A/N: Here we go! And I must say that I think I am becoming a better writer! Before my writing was horrendous! Now it's decent. I'm trying :P.
THIS WAS SO FUN TO WRITE!!! Hehe, I've read romance before, tell me if it was ANY good lol.
Chapter Eleven: Cold Chowder
Disclaimer: I do not own Inuyasha
3:48pm Fourth Day
"Rock! --"
"Paper! --Hah, I win!" Kagome cried out and through her fists into the air in triumph. Her face was full of determination and domination. His wasn't.
Inuyasha frowned and folded his arms together. For some reason he just had no luck in this game.
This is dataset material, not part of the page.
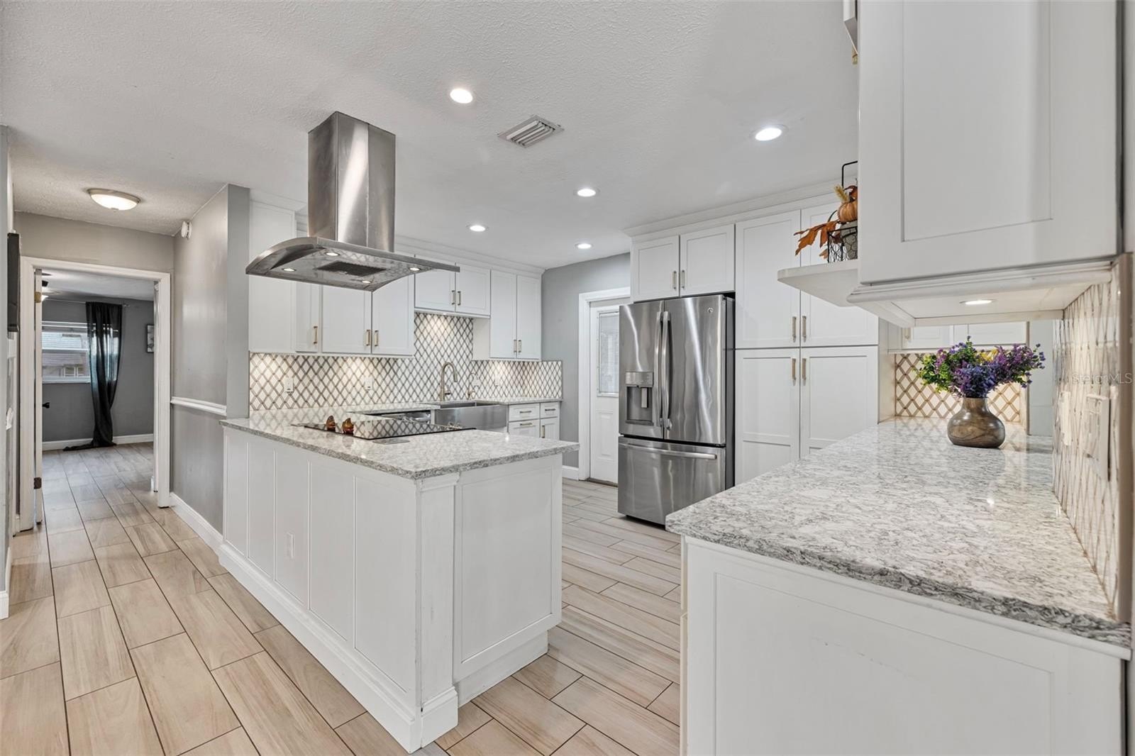 From the moment you arrive, the gorgeous ranch-style curb appeal and sprawling yard make this home feel like your own private retreat. Inside, the split floorplan offers both comfort and flexibility. The cozy family room features a beautiful fireplace, while the additional front room is perfect as a formal sitting room, home office, den, or playroom—whatever suits your lifestyle. The kitchen is a showstopper with gorgeous granite countertops, stainless steel appliances, custom backsplash, and a big farmhouse sink, ideal for cooking and entertaining.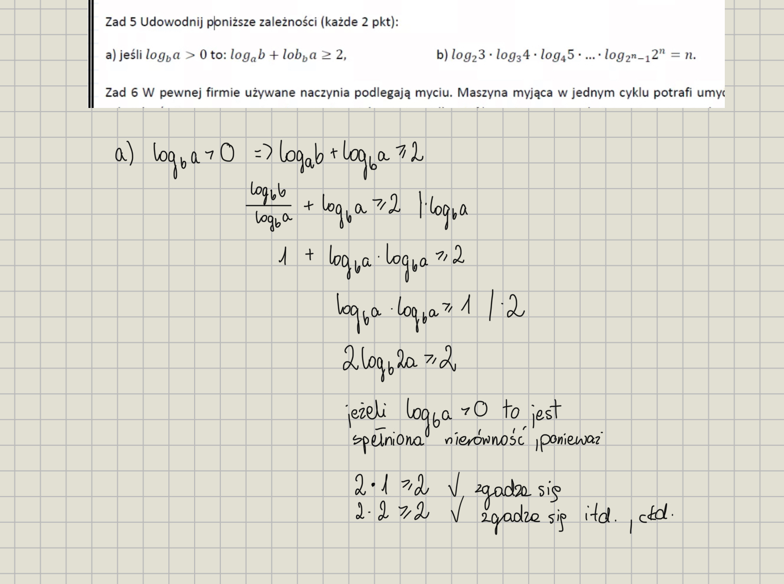 Nie ponieważ gdy mnożyłeś razy (logb a) to zapomniałeś przemnożyć prawą strone i zamiast mieć 2logb a to zostawiłeś 2

He had won almost all the matches for the first while, but then for the past half hour, he'd lost every single game.
"Keh, you only win because I let you…"
"Uh huh, like I'll believe that one!" Her large proud grin tinkered down his frustration slightly. She had to be so damn cute! It wasn't fair; he couldn't seduce her with just a smile! Well, he'd never really tried…
Inuyasha gave her his wicked half smile and just stared straight into her eyes. At first she obviously took it in as a game; maybe a staring contest. Then, she faltered, and he was surprised. So he did have an affect with a smoldering gaze.
"So, uh, we got any food left? You hungry?" she asked, clearly vaguely nervous and modestly uncomfortable. He smirked, releasing her.
"Sure and I dunno, but, I'll watch you check."
A pause.
"That's…funny. I thought you said--"
"You heard me pretty damn well the first time, I think," Inuyasha said, putting his 'look' back on. He stared straight at her lips. He was getting a kick out of this. She blushed and, to cover it up, scowled her Inuyasha-absorbing scowl of hers.
"You pervert! Quit being like Miroku!"
"Maybe…that's what I'm trying to do…"
Kagome's watch beeped four times, telling them it was 4 o'clock. It definitely ruined the mood.
But it was what he'd said that really DID shut her up.
He didn't want her to stop talking though…
"What's the matter with you all o' sudden, Kagome?" he put on his most innocent puppy gaze, and unknowingly made Kagome's heart skip a beat.
She turned serious. "Nothing! There's nothing wrong here, nothing at all." Kagome walked over to the bag and shuffled around. "Why, I'm perfectly okay, and I, uh, nothing's the matter--"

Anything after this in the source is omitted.